Another resident who lives near the station and asked that her name not be used because she organized opposition to the project with many of her friends and neighbors, called Council Member Rashi Kesarwani after Monday’s meeting to say she felt comfortable and happy with the design.

The architect's rendering shows people playing ping-pong under a shaded canopy, while others rest on benches outside an apartment building.
Plans for the North Berkeley BART housing development presented to the public Monday envision more than 50,000 square feet of new open space, with amenities such as outdoor seating, plazas and ping-pong tables. Credit: David Baker Architects, Yes Duffy Architects, Einwiller Kuehl Landscape Architecture

But there is still little evidence of the extent of the controversy surrounding the project.

Shortly after the meeting began, another NBNA member, Vicki Sommer, grabbed the microphone and appeared to try to read a statement to the audience detailing the “many issues” she had with the project, before Keserwani took back the microphone and asked Sommer to return to her seat. Sommer did not respond to a message seeking comment. Corman said the NBNA did not ask or encourage her to boycott the meeting.

Corman said he remains concerned that the plans in developers’ proposals may not match what will eventually be built. The design did not overcome the opposition he and other nearby homeowners face to the project.

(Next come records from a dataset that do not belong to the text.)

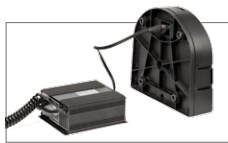
Chargers and battery
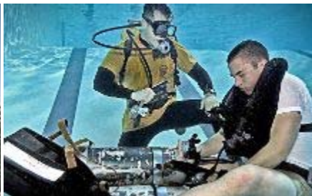
Naval Diving and Salvage Training Center instructor
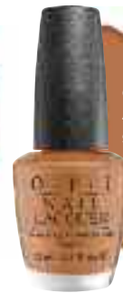
Clubbing til Sunrise A golden tangerine that goes from dusk to dawn.
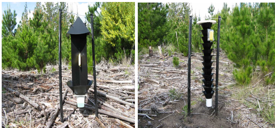
Fig. 2. Intercept panel trap (left) and Lindgren funnel trap (right).

Lindgren funnel traps, intercept panel traps, delta traps, chimney traps and bucket traps were tested against each other over a two season period using the same lures. The best performing traps in terms of both numbers of wood borers captured and number of species were the Intercept panel traps closely followed by the Lindgren funnel traps (Fig. 2).
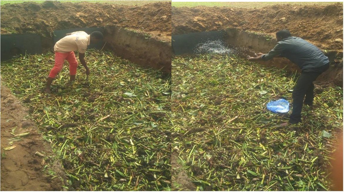
Plate 4: Spreading chopped plant in compost pitPlate 5: Application of microbial consortia
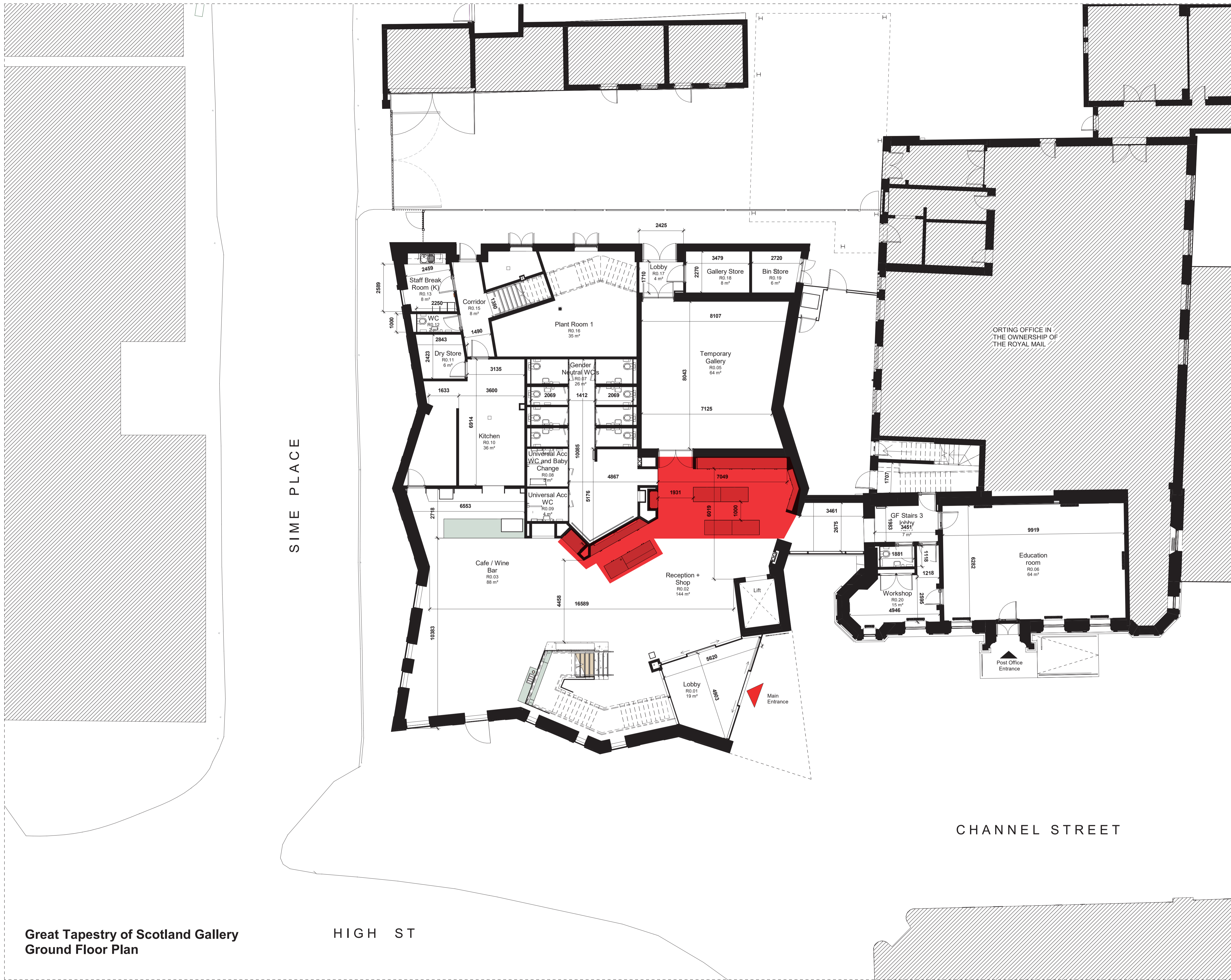
Great Tapestry of Scotland Gallery Ground Floor Plan
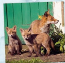
Above: Foxes breed once a year, with cubs being sighted playing in gardens in early summer.
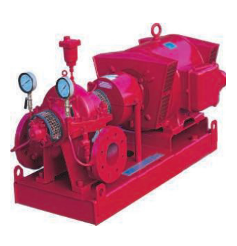
Split case electrically driven pump
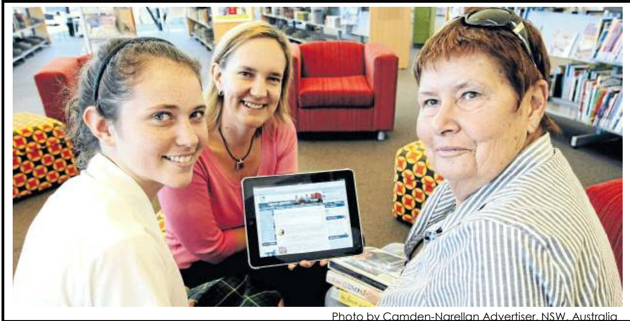
NSW, Australia

Camden Council's Libraries, in NSW, Australia have introduced Book-a-Librarian on Monday afternoons at Narellan Library. One of the Youth Services Librarians provides an additional reference inquiry point for High School students at the beginning of the week when Homework and assignments loom large. From 3.00-4.30 pm, blocks of time can be booked or accessed as needed.
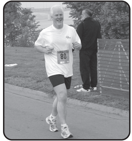
Senator John Cornyn
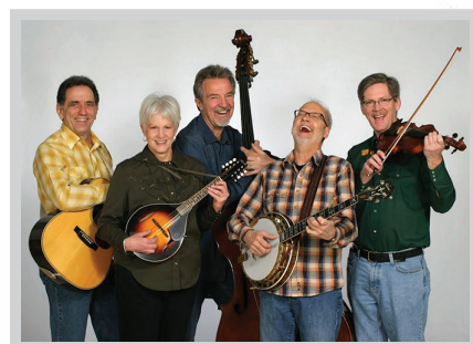
The Toasted Ponies

Visit bonecreek.org to become a member or make a tax-deductible donation.
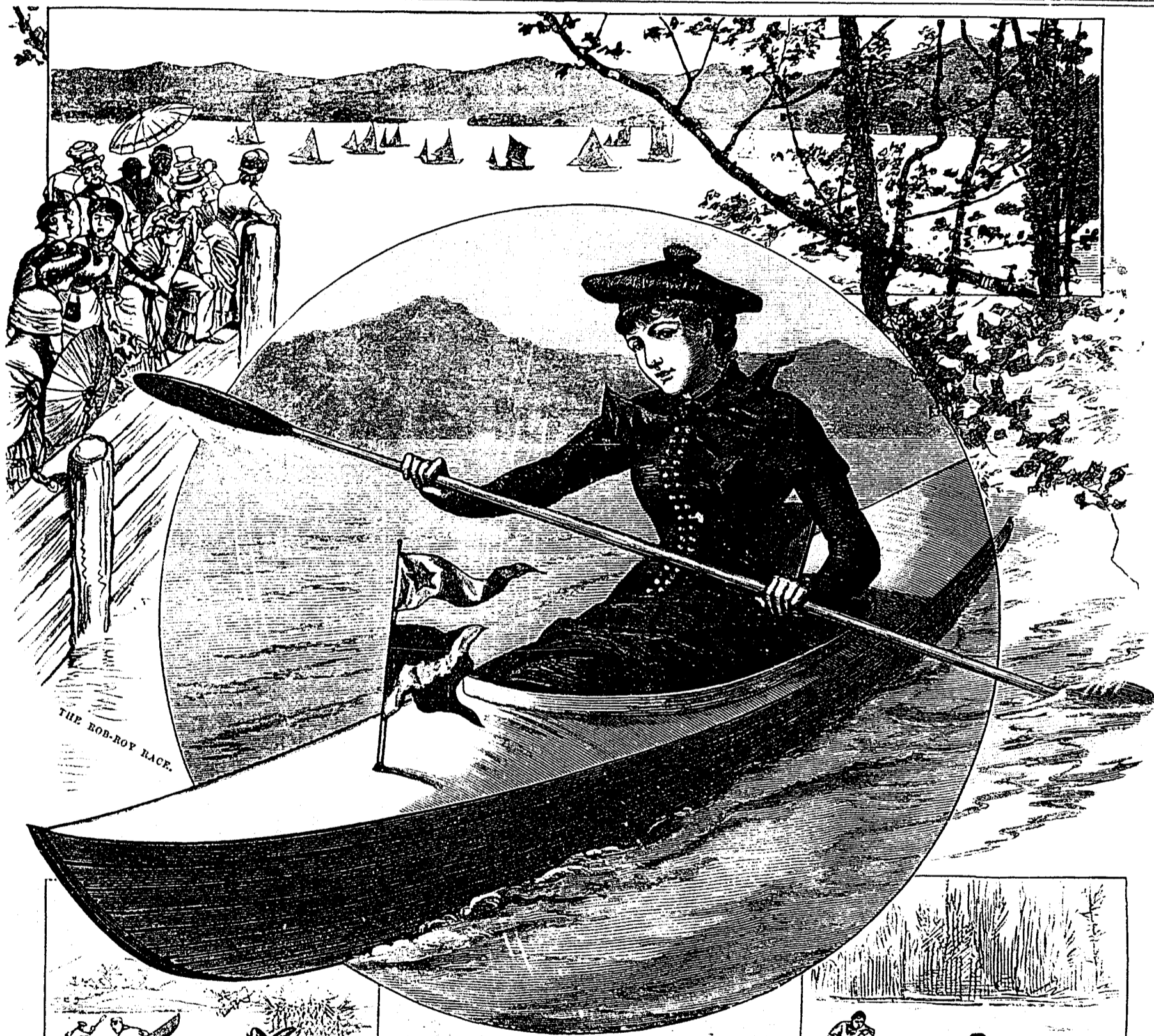
THE ROB-ROY RACE.

{ SINGLE COPIES, TEN CENTS. $4 PER YEAR IN ADVANCE.
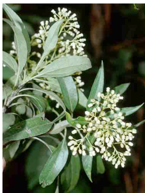
17 Baccharis ASTERACEAE
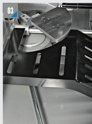
AÇI KİLİTLEME MITER FIXING
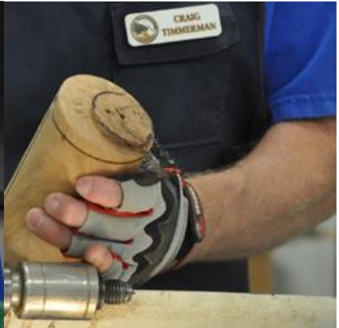
Preparing for offset version
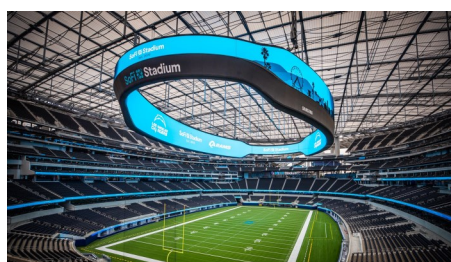
SoFi Stadium in LA has a full LED roof, a two-sided infinity video board, a champagne bar, and a $5 Billion price tag to go with it
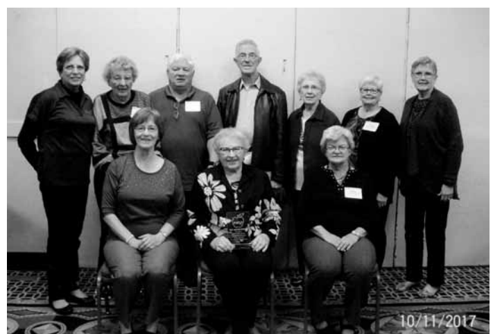
"Hip, Hip, Hooray!" to the Hastings Unit for having the most convention attendees!
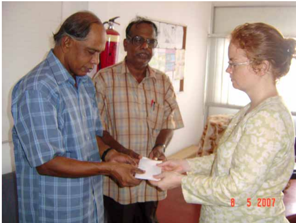
Petition being handing over to UN Residential representative
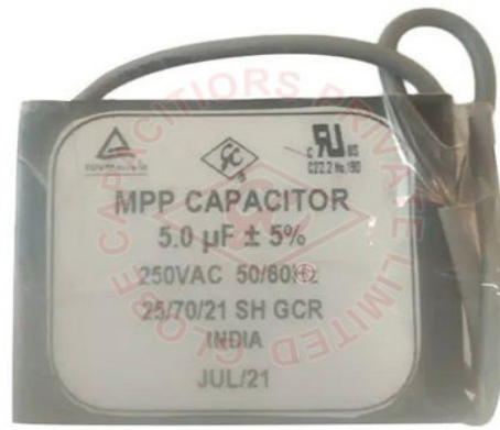
5 MFD 250 VAC MPP Capacitor
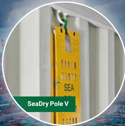
SeaDry Pole V
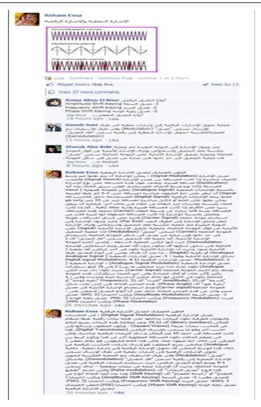
Figure (6) Comments of the Research Group on " Analog and Digital Signals"
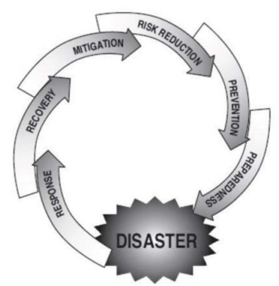
Figure 1. Disaster Management Cycle.

In a typical disaster management (Figure-1), disaster preparedness constitute the predisaster planning phase i.e. before disaster occurs and response, recovery and mitigation as the postdisaster planning phase i.e. disaster prevention phase. In the disaster prevention phase, GIS is used to manage the large volume of data needed for the hazard and risk assessment. In the disaster preparedness phase, it is a tool for the planning of evacuation routes, for the design of centers for emergency operations, and for the integration of
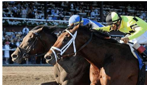
Blame (outside) overtakes Quality Road
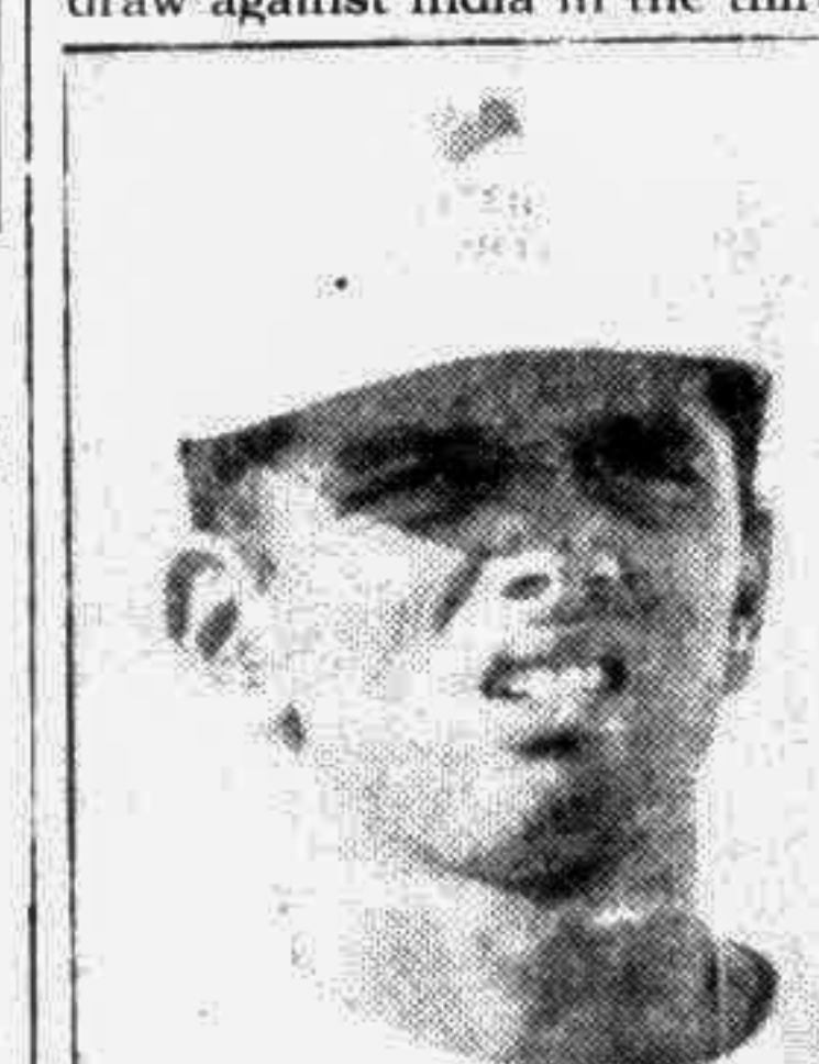
DRAVID .... man-of-match cricket Test, report agencies.

JOHANNESBURG, Jan 20: Daryll Cullinan made up for a horrendous running error by stubbornly scoring an unbeaten 122 Monday to help South Africa salvage a draw against India in the third

“I still think it’s too long,” Corman said.

On the other side of the debate, North Berkeley’s Libby Lee Egan says Now! — a housing advocacy group that has long called for more homes at the station — also said it was a fan of the development team’s plan.

“I didn’t know North Berkeley BART could be this great,” Egan told me in an interview.

But she also wished the 750-unit proposal for the station site, which was earmarked for up to 3,600 homes even after the City Council imposed stricter zoning restrictions than her group called for, had been more ambitious.

“It looks like there may be more units,” Egan told me. “The design was so great,” she said, “so why shouldn’t we have more of it?”